2. Materials and methods
2.1. Cell origin and culture
PC12 cells used in this study were purchased from the Chinese Academy of Science Cell Bank (TCR9, China). The cells were cultured in Dulbecco’s Modified Eagle Medium supplemented with 10% fetal bovine serum and 1% penicillin and streptomycin, and incubated at 37°C in a 5% CO2 and 95% O2 atmosphere. The PC12 cells were subcultured, and the culture medium was refreshed every 48 to 72 hours. Finally, the cells used for the subsequent experiments were in the logarithmic growth phase.
2.2. Cell OGD/R model
Before oxygen-glucose deprivation treatment, the culture medium was replaced with glucose-free DMEM and incubated in a 5% CO2 and 95% N2 atmosphere at 37°C for 4 hours. Subsequently, the cells were returned to a normal medium containing glucose and incubated in an atmosphere with O2 for 24 hours of reoxygenation,[19] cell morphology was examined using the inverted microscope (ZEISS, Germany).

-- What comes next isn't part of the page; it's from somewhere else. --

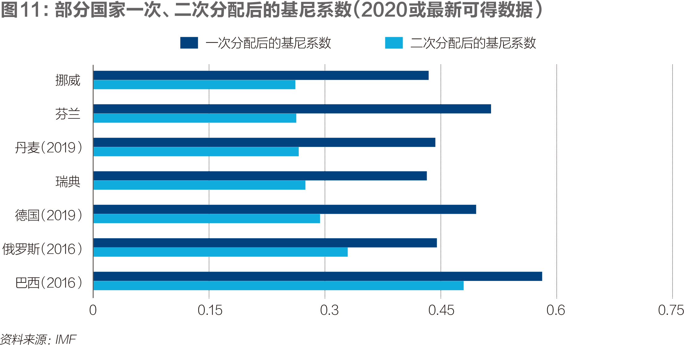 根据国际劳工组织数据,从不含医疗的社会保障支出来看,中国的公共支出仅占GDP的7.2%,不仅与芬兰(24.4%)、丹麦(22.2%)、德国(19.4%)、挪威(19.1%)和瑞典(19.5%)等国差异显著,也低于巴西(15.7%)、俄罗斯(13.4%)。从一次、二次分配后的基尼系数来看,部分西欧,尤其是北欧国家,其二次分配政策显著降低了一次分配带来的收入不均,保障了收入分配的公平。各经济体一次分配后基尼系数普遍超过0.4(国际一般将0.4作为社会贫富差距的警戒线),收入差异显著。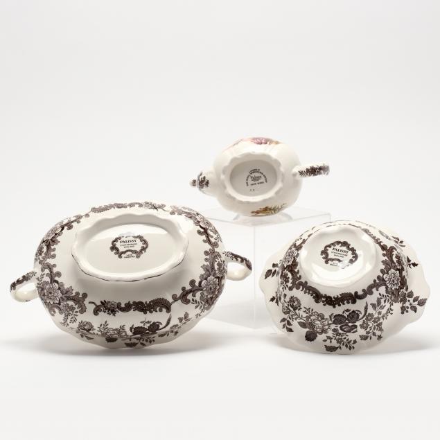 Platter with knife marks; tureen with light crazing; all with some staining; otherwise good estate condition.

2.3. Bmal1 overexpression lentivirus vector infection
The lentiviral vectors for Bmal1 overexpression and NC were constructed by Hanbio Biotechnology Co., Ltd. (China). All procedures were conducted following the manufacturer’s instructions. In summary, PC12 cells were prepared as a suspension and inoculated into a 6-well plate at a density of 6–8 × 104 cells per well for 24 to 36 hours. Once the cells reached a density of 40% to 50%, an appropriate volume of the lentivirus infection reagent was added to the culture medium according to MOI = 30. After 24 hours, the medium was replaced with a complete medium. Transfection efficiency was assessed 72 hours post-transfection by measuring the expression of green fluorescent protein. Subsequently, the PC12 cells were subcultured in a medium containing 2 ng/mL puromycin for 7 days, achieving a transfection efficiency exceeding 95%. Untreated PC12 cells served as the blank control groups. The transfection efficiency was then evaluated using Western blotting and real-time quantitative polymerase chain reaction.
2.4. Western blotting
Cell proteins from each group were extracted following the instructions of the Enhanced Ripa cracking liquid (ApplyGEN, China), which contains PMSF (CWBIO, China). Protein concentration was measured using a BCA protein Quantitation Kit (Elabscience, China). After adding the loading buffer (CWBIO, China), the mixtures were denatured at 100°C for 20 minutes. A 10 μL of protein were loaded per lane separated using a 10% sodium dodecyl sulfate-polyacrylamide gel, then transferred to a 0.45 mm PVDF membrane (Millipore, China). The membrane was blocked with a 5% skimmed milk solution for 1 hour at room temperature and then incubated overnight at 4°C with specific antibodies. The primary antibodies used were anti-Bmal1 (Abcam, 1:2000), anti-Nrf2 (Proteintech, 1:5000), anti- HO-1 (Proteintech, 1:5000), anti-cysteine-dependent aspartate-directed protease 3 (anti-Caspase-3) (Proteintech, 1:2000), anti-Bcl-2 (Proteintech, 1:3000), BCL2-Associated X (Bax; Proteintech, 1:10000), and anti-β-actin (Proteintech, 1:8000). On the second day, the membrane was incubated with anti-rabbit horseradish peroxidase- (HRP-) conjugated secondary antibodies (Elabscience, China) for an additional 1.5 hours at room temperature. Signal detection was performed using the Efficient Chemiluminescence Kit (GEN-VIEW, China), and results were recorded with the Bio-Rad ChemiDoc MP Gel Imaging System. The band density of specific proteins was quantified after normalization to the density of β-actin.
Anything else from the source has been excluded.